==== Input for this task ====

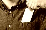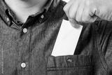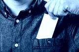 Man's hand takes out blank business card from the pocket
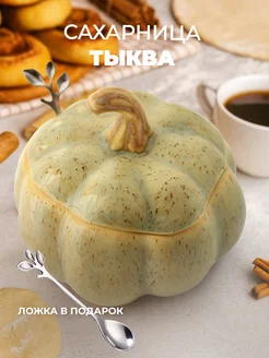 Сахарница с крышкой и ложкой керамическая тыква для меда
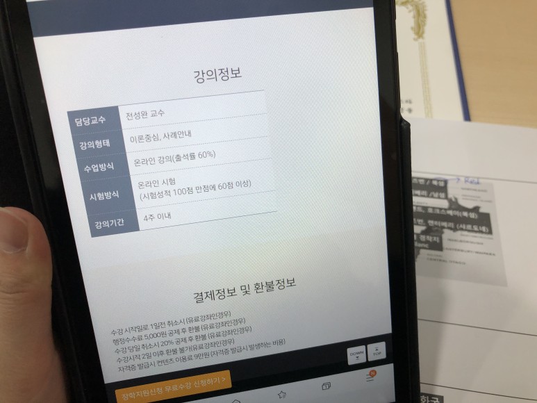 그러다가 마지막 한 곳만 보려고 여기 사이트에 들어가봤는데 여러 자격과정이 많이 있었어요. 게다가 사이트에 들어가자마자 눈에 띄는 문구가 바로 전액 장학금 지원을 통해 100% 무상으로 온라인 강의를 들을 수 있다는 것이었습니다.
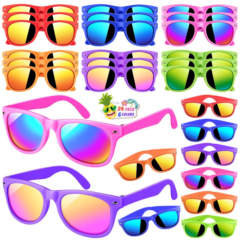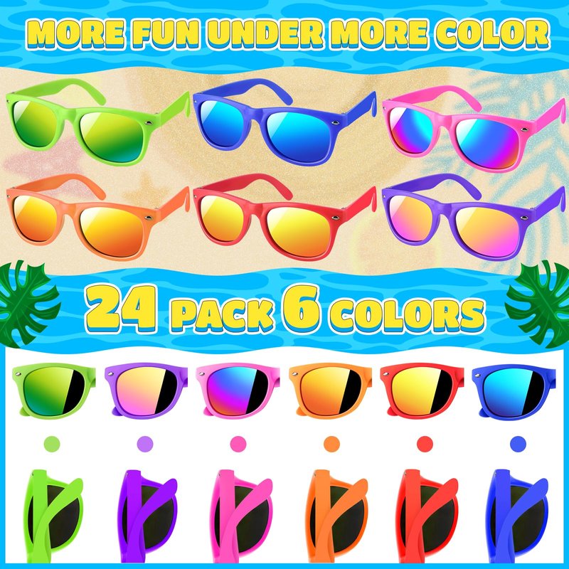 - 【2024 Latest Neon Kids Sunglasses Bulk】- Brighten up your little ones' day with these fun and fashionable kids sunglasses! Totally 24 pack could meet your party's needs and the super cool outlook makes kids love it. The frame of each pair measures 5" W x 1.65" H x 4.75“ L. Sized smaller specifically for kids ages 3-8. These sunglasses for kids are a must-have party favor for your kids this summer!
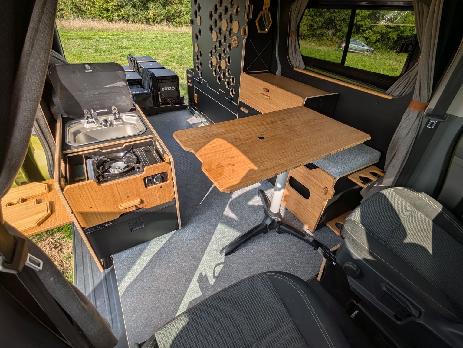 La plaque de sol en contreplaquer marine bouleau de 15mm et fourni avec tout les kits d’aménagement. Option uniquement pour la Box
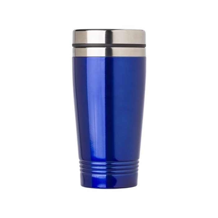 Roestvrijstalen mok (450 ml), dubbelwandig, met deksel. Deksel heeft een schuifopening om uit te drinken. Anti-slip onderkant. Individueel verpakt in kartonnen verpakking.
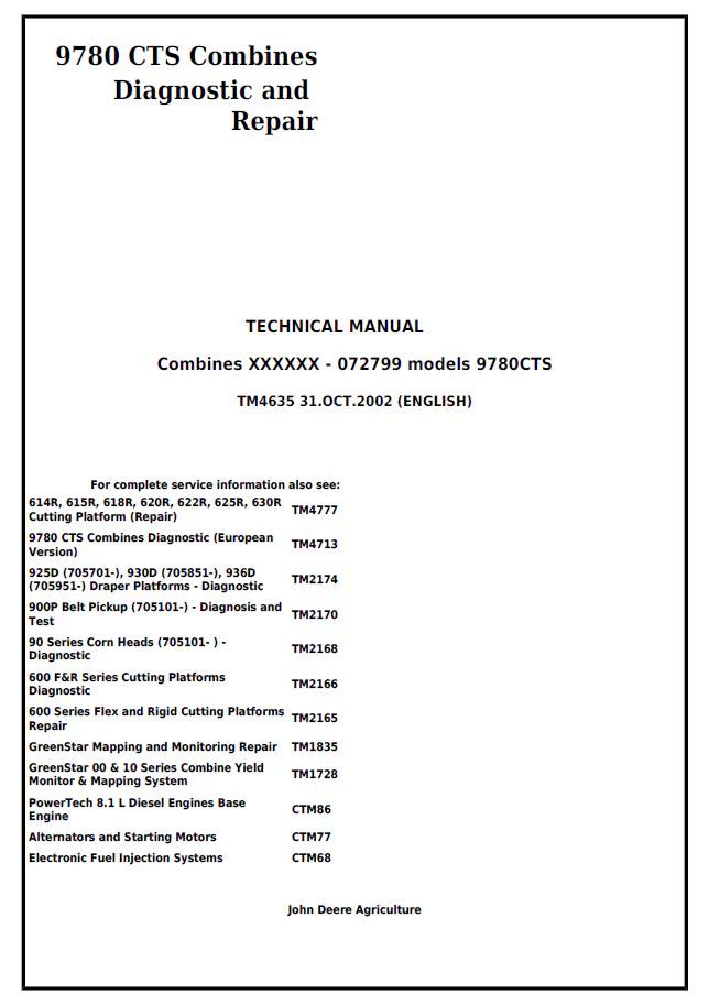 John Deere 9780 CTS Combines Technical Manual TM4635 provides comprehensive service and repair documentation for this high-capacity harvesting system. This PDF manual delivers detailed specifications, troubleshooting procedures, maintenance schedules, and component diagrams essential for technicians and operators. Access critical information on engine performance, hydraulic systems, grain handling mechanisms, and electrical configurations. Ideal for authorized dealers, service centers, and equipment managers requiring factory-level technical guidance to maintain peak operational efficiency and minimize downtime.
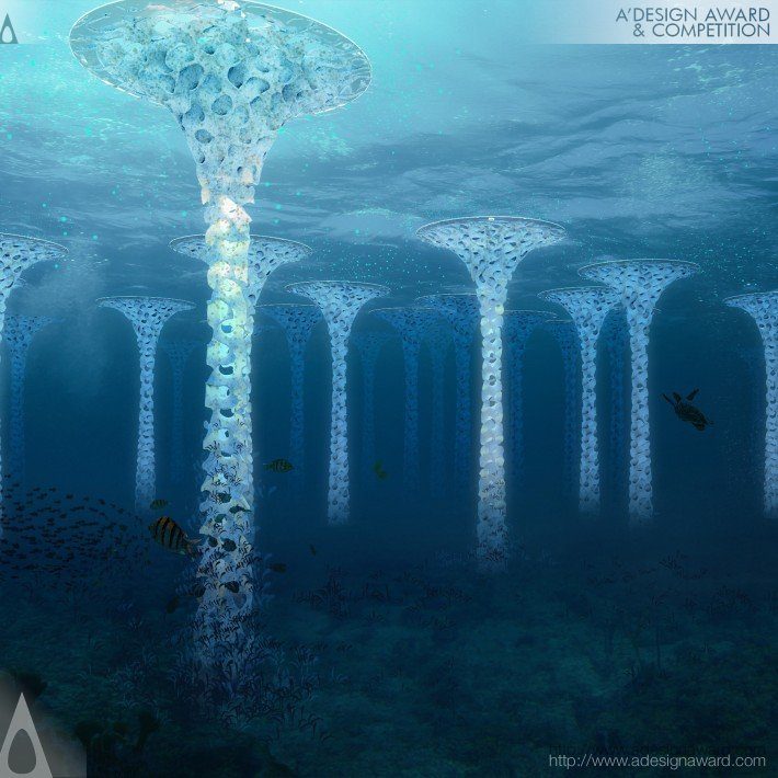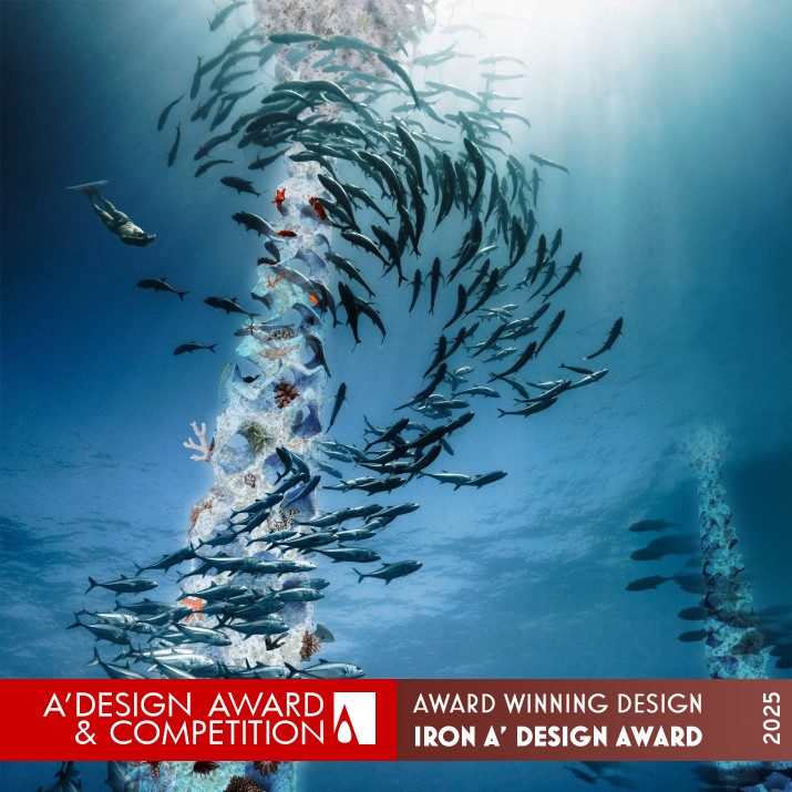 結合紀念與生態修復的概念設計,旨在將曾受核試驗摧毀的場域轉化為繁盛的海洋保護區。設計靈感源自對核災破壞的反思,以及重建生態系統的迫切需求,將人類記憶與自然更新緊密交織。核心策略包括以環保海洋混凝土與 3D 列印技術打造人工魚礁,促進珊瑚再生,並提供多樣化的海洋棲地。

====

— Task prompt —
All entries above should be printed exactly, though without their pictures.

— Response to this task —
 Man's hand takes out blank business card from the pocket
 Сахарница с крышкой и ложкой керамическая тыква для меда
 그러다가 마지막 한 곳만 보려고 여기 사이트에 들어가봤는데 여러 자격과정이 많이 있었어요. 게다가 사이트에 들어가자마자 눈에 띄는 문구가 바로 전액 장학금 지원을 통해 100% 무상으로 온라인 강의를 들을 수 있다는 것이었습니다.
 - 【2024 Latest Neon Kids Sunglasses Bulk】- Brighten up your little ones' day with these fun and fashionable kids sunglasses! Totally 24 pack could meet your party's needs and the super cool outlook makes kids love it. The frame of each pair measures 5" W x 1.65" H x 4.75“ L. Sized smaller specifically for kids ages 3-8. These sunglasses for kids are a must-have party favor for your kids this summer!
 La plaque de sol en contreplaquer marine bouleau de 15mm et fourni avec tout les kits d’aménagement. Option uniquement pour la Box
 Roestvrijstalen mok (450 ml), dubbelwandig, met deksel. Deksel heeft een schuifopening om uit te drinken. Anti-slip onderkant. Individueel verpakt in kartonnen verpakking.
 John Deere 9780 CTS Combines Technical Manual TM4635 provides comprehensive service and repair documentation for this high-capacity harvesting system. This PDF manual delivers detailed specifications, troubleshooting procedures, maintenance schedules, and component diagrams essential for technicians and operators. Access critical information on engine performance, hydraulic systems, grain handling mechanisms, and electrical configurations. Ideal for authorized dealers, service centers, and equipment managers requiring factory-level technical guidance to maintain peak operational efficiency and minimize downtime.
 結合紀念與生態修復的概念設計,旨在將曾受核試驗摧毀的場域轉化為繁盛的海洋保護區。設計靈感源自對核災破壞的反思,以及重建生態系統的迫切需求,將人類記憶與自然更新緊密交織。核心策略包括以環保海洋混凝土與 3D 列印技術打造人工魚礁,促進珊瑚再生,並提供多樣化的海洋棲地。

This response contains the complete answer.